I loathe having to get tested.
I haven’t been ho’ing around and I haven’t even done anything risky since I was tested last but I still dread it. I’m sure many of the gay men who read this know exactly what I’m talking about.
That said, last week my dermatologist decided she wanted me to come back to have a sinister looking mole awkwardly located in my um… gluteal cleft (between my butt cheeks) surgically removed.
Honestly, I dreaded my HIV test more than my upcoming *ahem* procedure.
I remember getting those tests done, and they were always terrible, even though I never did anything really that put me in serious danger. Although it is always better to get checked out. It has been so many years since I had one, but I remember my spouse and I when we first started going together were treated very badly by the nurse who gave the results. We asked to be given results together, but he refused and made a big deal like we were positive. It terrified us big time. The nurse had a bad bedside manner.
Glad to know everything worked out in the end (except for that mole). I am glad I don’t have to go through that anymore.
The last time I got tested, they used this quicker test which was like a nasty-ass stick that you had to put in your mouth for 5 minutes. But I agree, there is something extremely weird and uncomfortable about the whole thing… even if you know that you haven’t engaged in any risky behavior.
The oral 20 minute test has been pulled by many local agencies after a string of false positives at the LA Gay and Lesbian Center. I got tested at MPowerOC (a young mens center in OC) and they used the 20 minute blood test.
I think I could have gone 60 or 70 years easy without knowing this :/
David Roberts
As it’s a Friday Folly…Daniel, that will teach you to hang around with sinister looking moles.Stay away from that bar in future. K?(and point taken David. The next Friday Folly will be Fed-Ex’d to you in a time capsule.)Have a good weekend everyone. With several birthday’s bearing down on us (not to name names, but one being the D of D&G) we’ve got the entire family together for a big Vietnamese blow out. The three year old loves that fact all the food is served “her size”. After she’s bored with eating she happily makes rice paper rolls for everyone for ever… oh, no, please, 211 is MY LIMIT!

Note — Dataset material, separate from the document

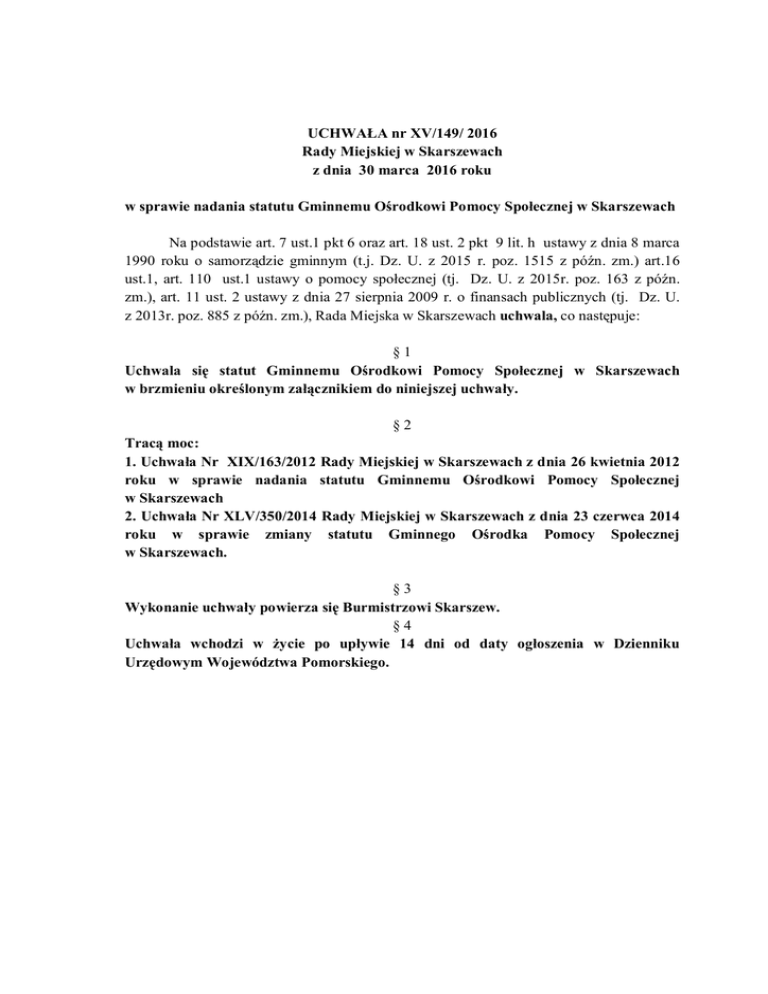 UCHWAŁA nr XV/149/ 2016 Rady Miejskiej w Skarszewach z dnia 30 marca 2016 roku w sprawie nadania statutu Gminnemu Ośrodkowi Pomocy Społecznej w Skarszewach Na podstawie art. 7 ust.1 pkt 6 oraz art. 18 ust. 2 pkt 9 lit. h ustawy z dnia 8 marca 1990 roku o samorządzie gminnym (t.j. Dz. U. z 2015 r. poz. 1515 z późn. zm.) art.16 ust.1, art. 110 ust.1 ustawy o pomocy społecznej (tj. Dz. U. z 2015r. poz. 163 z późn. zm.), art. 11 ust. 2 ustawy z dnia 27 sierpnia 2009 r. o finansach publicznych (tj. Dz. U. z 2013r. poz. 885 z późn. zm.), Rada Miejska w Skarszewach uchwala, co następuje: §1 Uchwala się statut Gminnemu Ośrodkowi Pomocy Społecznej w Skarszewach w brzmieniu określonym załącznikiem do niniejszej uchwały. §2 Tracą moc: 1. Uchwała Nr XIX/163/2012 Rady Miejskiej w Skarszewach z dnia 26 kwietnia 2012 roku w sprawie nadania statutu Gminnemu Ośrodkowi Pomocy Społecznej w Skarszewach 2. Uchwała Nr XLV/350/2014 Rady Miejskiej w Skarszewach z dnia 23 czerwca 2014 roku w sprawie zmiany statutu Gminnego Ośrodka Pomocy Społecznej w Skarszewach. §3 Wykonanie uchwały powierza się Burmistrzowi Skarszew. §4 Uchwała wchodzi w życie po upływie 14 dni od daty ogłoszenia w Dzienniku Urzędowym Województwa Pomorskiego. Uzasadnienie W związku z nałożeniem na gminę nowych zadań związanych m.in. z ustawą o pomocy państwa w wychowaniu dzieci zachodzi konieczność aktualizacji Statutu GOPS. Statut z 2012 r. posiada już uchwalone przez Radę Miejską zmiany. Dodatkowo podstawy prawne, na których opierał się dotychczasowy statut zostały zastąpione w znacznej mierze tekstami jednolitymi ustaw. W związku z tym, iż zakres zmian jest znaczący proponuje się nową treść Statutu Gminnego Ośrodka Pomocy Społecznej w Skarszewach, aby wprowadzenie kolejnych zmian nie spowodowało nieczytelności dokumentu. Załącznik nr 1 do Uchwały Nr XV/149/16 Rady Miejskiej w Skarszewach z dnia 30 marca 2016 r. STATUT GMINNEGO OŚRODKA POMOCY SPOŁECZNEJ W SKARSZEWACH I. Postanowienia ogólne. §1 Gminny Ośrodek Pomocy Społecznej w Skarszewach zwany dalej „Ośrodkiem” działa na podstawie: 1. ustawy z dnia 8 marca 1990 r. o samorządzie gminnym (j.t. Dz. U. z 2015 r. poz. 1515 z późn. zm.), 2. ustawy z dnia 21 listopada 2008 r. o pracownikach samorządowych (t.j. Dz. U. z 2014 r. poz. 1202 z późn. zm.), 3. ustawy z dnia 12 marca 2004 r. o pomocy społecznej ( j.t. Dz. U. z 2015 r. nr 163 poz. 1362 z późn. zm.), 4. ustawy z dnia 28 listopada 2003 r. o świadczeniach rodzinnych (j.t. Dz. U. z 2015 r. poz. 114 z późn. zm.), 5. ustawy z dnia 04 kwietnia 2014 r. o ustaleniu i wypłacie zasiłków dla opiekunów (Dz. U. 2014 r., poz. 567 z późn. zm.), 6. ustawy z dnia 5 grudnia 2014 r. o Karcie Dużej Rodziny (Dz. U. z 2014 r. poz. 1863 z późn. zm.), 7. ustawy z dnia 7 września 2007 r. o pomocy osobom uprawnionym do alimentów (t.j. Dz. U. z 2016 poz. 169), 8. ustawy z dnia 29 lipca 2005 r. o przeciwdziałaniu przemocy w rodzinie (Dz. U. z 2015 r. poz. 1390 z późn. zm.), 9. ustawy z dnia 9 czerwca 2011 r. o wspieraniu rodziny i systemie pieczy zastępczej (t.j. Dz. U. z 2015, poz. 332 z późn. zm.), 10. ustawy z dnia 11 lutego 2016 r. o pomocy państwa w wychowaniu dzieci (Dz.U. z 2016 r., poz.195), 11. ustawy z 19 sierpnia 1994 r. o ochronie zdrowia psychicznego (j.t. Dz. U. z 2011r. nr 231 poz. 1375 z późn. zm. ), 12. ustawy z dnia 27 sierpnia 2004 r. o świadczeniach opieki zdrowotnej finansowanych ze środków publicznych (j.t. Dz. U. z 2015 r. poz. 581 z późn. zm. ) 13. ustawy z dnia 29 sierpnia 1997 r. o ochronie danych osobowych (j.t. Dz. U. z 2015 r. poz. 2135 z późn. zm.), 14. ustawy z dnia 13 października 1998 r. o systemie ubezpieczeń społecznych (j.t. Dz. U. z 2015 r. poz. 121 z późn. zm.), 15. ustawy z dnia 14 czerwca 1960 r. Kodeks postępowania administracyjnego (j.t. Dz. U. z 2016 r. poz. 23), 16. ustawy z dnia 29 września 1994 r. o rachunkowości (j.t. Dz. U. z 2013 r. nr 152, poz. 330 z późn. zm.), 17. ustawy z dnia 27 sierpnia 2009 r. o finansach publicznych (Dz. U. z 2013 r., poz. 885 z późn. zm ), 18. ustawy z dnia 24 stycznia 1991 r. o kombatantach oraz niektórych osobach będących ofiarami represji wojennych i okresu powojennego (t.j. Dz.U. 2014 r., poz. 1206 z późn. zm.), 19. uchwały Nr VIII/56/03 Rady Miejskiej w Skarszewach z dnia 30 kwietnia 2003 r. w sprawie utworzenia jednostki budżetowej o nazwie „Gminny Ośrodek Pomocy Społecznej w Skarszewach” , 20. innych przepisów prawnych dotyczących „Ośrodka” i jednostek budżetowych, 21. niniejszego statutu zatwierdzonego przez Radę Miejską w Skarszewach. §2 „Ośrodek” jest jednostką organizacyjną Gminy Skarszewy. §3 1. 2. 3. 4. Siedziba „Ośrodka” znajduje się w Skarszewach przy ul. Szkolnej 9. Terenem działania „Ośrodka” jest gmina Skarszewy. Obszar działania dzieli się na rejony. Podziału obszaru działania na rejony dokonuje Dyrektor „Ośrodka” uwzględniając lokalne uwarunkowania i potrzeby z zapewnieniem należytej dostępności świadczeń. §4 1. Ogólny nadzór nad działalnością „Ośrodka” oraz nad realizacją zadań własnych gminy sprawuje Burmistrz Skarszew. 2. Nadzór merytoryczny nad działalnością „Ośrodka” sprawuje Wojewoda Pomorski za pośrednictwem Wydziału Polityki Społecznej Pomorskiego Urzędu Wojewódzkiego w Gdańsku. II. Cele i zadania Ośrodka. §5 Celem działalności „Ośrodka” jest: 1. umożliwienie osobom i rodzinom przezwyciężenie trudnych sytuacji życiowych, których nie są one w stanie pokonać, wykorzystując własne uprawnienia, zasoby i możliwości, 2. wsparcie osób i rodzin w wysiłkach zmierzających do zaspakajanie niezbędnych potrzeb i umożliwienie im życia w warunkach odpowiadających godności człowieka, 3. przeciwdziałanie wykluczeniu społecznemu przez podejmowanie działań zmierzających do życiowego usamodzielnienia osób i rodzin oraz ich integrac

There’s kind of an urban myth going around about gays putting gerbils up, um, *there*, but a “sinister-looking mole”? Ouch.
grantdale said:
(and point taken David. The next Friday Folly will be Fed-Ex’d to you in a time capsule.)
Thank you very much 🙂 Perhaps future “Folly” won’t involve the intimate anatomy of the author and we can forgo the time-shift.
David Roberts
It’s great to promote testing and all, but honestly I could have gone the rest of my life quite contentedly not knowing about your butt mole.
Daniel,
Well, you’re going to have fun trying to explain why you’re walking funny!! Conversations including the phrase “my butt crack hurts because…” usually involve lots of giggles from everyone else. Good luck.
As for testing… yikes. At least the test results are available right away. Back when it took a couple weeks to find out, I could work myself up into a real state of panic and imagine all sorts of things. Including the idea that maybe I’d forgotten some event or that there was some way to contract HIV that we didn’t know about yet and I was the first case. Now, thank God, I can’t get myself that paranoid in just 20 minutes.
I had an operation on my “gluteal cleft” and it was damn annoying. I had to have a polinidal cyst removed. There is nothing worse than having to wear a maxi-pad on your butt because the bleeding was bad…and there is nothing more painfull than sitting on ice because you fell on your incision and began to bleed profusely. My testicles were in my stohmach for a week.
Thanks for sharing Daniel.
And this is when I’m glad you’re a negative person!
Love ya!
:oP
Okay, this is going off on a 90% angle, but there is a connection, honest.
Last year, when my daughter was 16, she was the youth delegate from our church going to Sacramento to lobby for AB 19, the “Religious Freedom and Civil Marriage Protection Act.”
In conversation with her godfather, she confessed she didn’t really know exactly what she would be doing in Sacramento, and he went off on a long riff which included “buttonholing legistators.”
She didn’t hear him quite correctly, and a terrified look came over her face as she said, “Um… butt moling legislators…?”
It took us about 10 minutes to soothe her concerms because we were laughing too hard to breathe.